I refine the prompts multiple times with the objective of determining whether AI can generate a user interface that not only meets user requirements but also adapts dynamically to the context, rather than simply producing a uniform template to populate the UI. Simultaneously, I reviewed Apple's HCI Guidelines and incorporated them into the prompt to enhance the specificity and clarity of the instructions, aligning with our objective to develop the MVP version of Apple Intelligence. Below is a snippet of the prompt and the generated UI iterations.

Details comparison—AI’s role is key

Occasionally, we are uncertain of our exact desires until AI presents them to us. Among these generative UI designs, although the core concepts are generally consistent, different prompts produce varying interfaces and prompt different actions. In the first scenario, I designate the AI as a proactive task manager with access to my calendar, enabling it to organize my day to maximize productivity. Additionally, by recognizing a busy schedule ahead, the AI is able to assist with placing food orders in advance.

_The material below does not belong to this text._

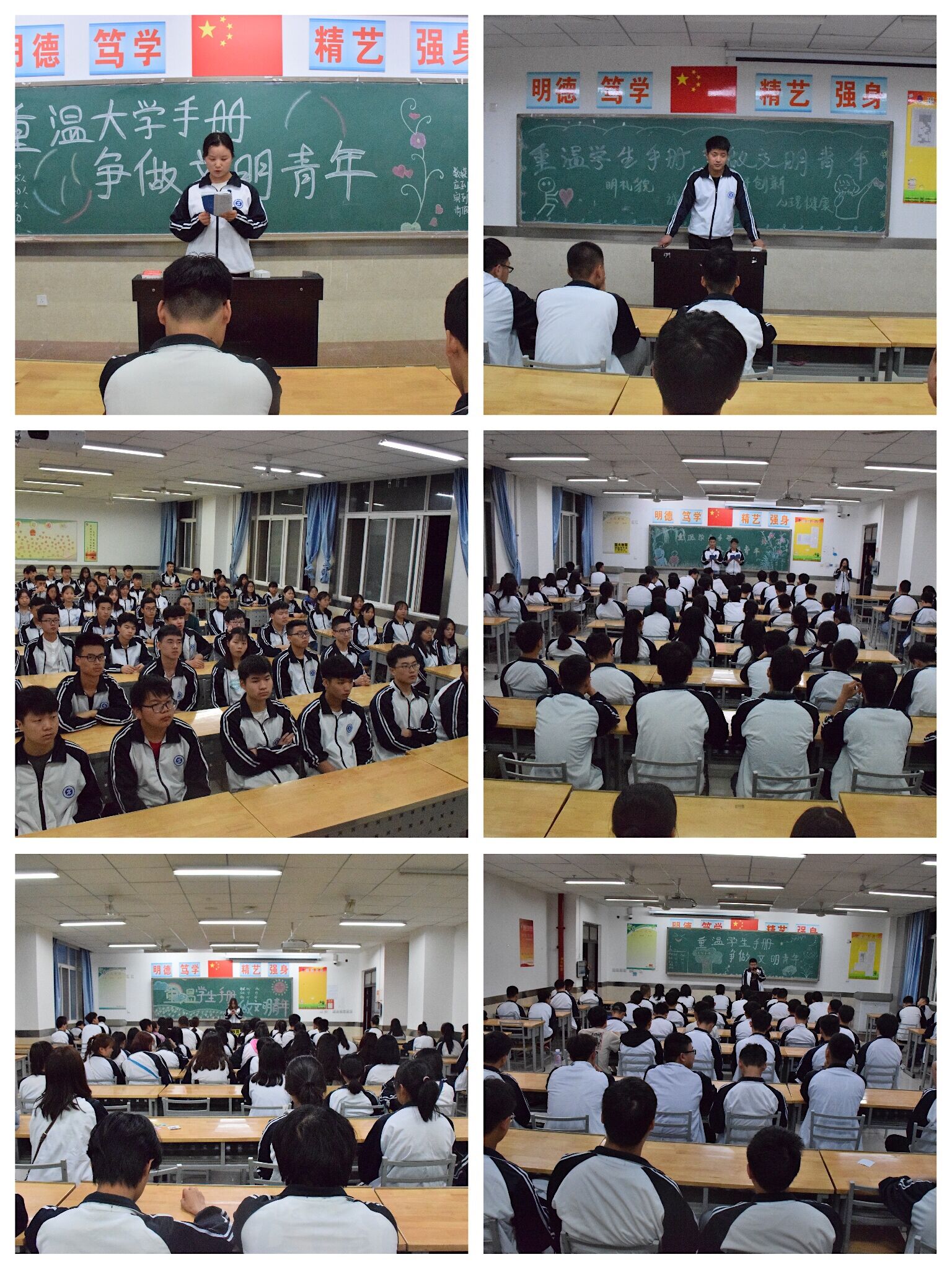 --开展重温学生手册主题班会。5月29日,信息学院组织大一、大二全体学生召开“重温学生手册,争做文明青年”主题班会。通过组织学生重温学生手册条例、讲解校园安全案例等多种形式,提高班级学生遵纪守法意识,规范学生自身行为,提高大学生文明修养和安全防范意识及能力。

Simply displaying a Call to Action is insufficient. It is more effective to present the core content directly. Instead of asking, “Would you like to open Google Maps?”, it is preferable to immediately show the map and directions and begin navigation. AI should anticipate subsequent steps to reliably fulfill the role assigned to it. In my humble opinion, this exemplifies the behavior of a truly intelligent AI.

Several factors must be carefully considered when attempting to integrate this AI feature into smartphones. These include the design of the prompt, the assigned instructions and roles, the implementation of a dedicated and consistent user interface, and the AI model itself. During the AI Product Management Certification course with OpenAI, the instructor highlighted several key recommendations. It is understandable why a truly intelligent smartphone has yet to be realized. Currently, the most practical approach is to simply enable LLM-powered AI functionality on mobile devices. Users are likely to access ChatGPT more frequently than activate AI assistants directly on their phones, despite these assistants being inherently available on mobile devices. The instructor highlighted five key points worth noting:

Consider the ongoing and cyclical nature of user engagement with these features.
Existing pain points may not be sufficiently severe, posing a risk of the features being perceived as generic.
There are challenges in maintaining consistent user engagement and effectively communicating the AI’s learning progress to users.
The testing and validation processes are expected to be complex.
Sustaining user interest over time requires balancing engagement to avoid fatigue, which is crucial for the continued success of new features.

Wrap Up

Large language models (LLMs) have already demonstrated powerful and impressive capabilities across numerous fields. To effectively leverage them as tools for addressing and solving user problems, it is essential to clearly define their roles, objectives, scope, purposes, and expected outcomes. Any ambiguity or confusion in these areas can create barriers that hinder widespread adoption and viral growth. Nonetheless, I am confident that truly intelligent smartphones will become a reality, particularly as their capabilities evolve through seamless integration of software and hardware. It is unreasonable to expect such a compact device to remain unaware of my favorite restaurants and foods after I have shared that information countless times.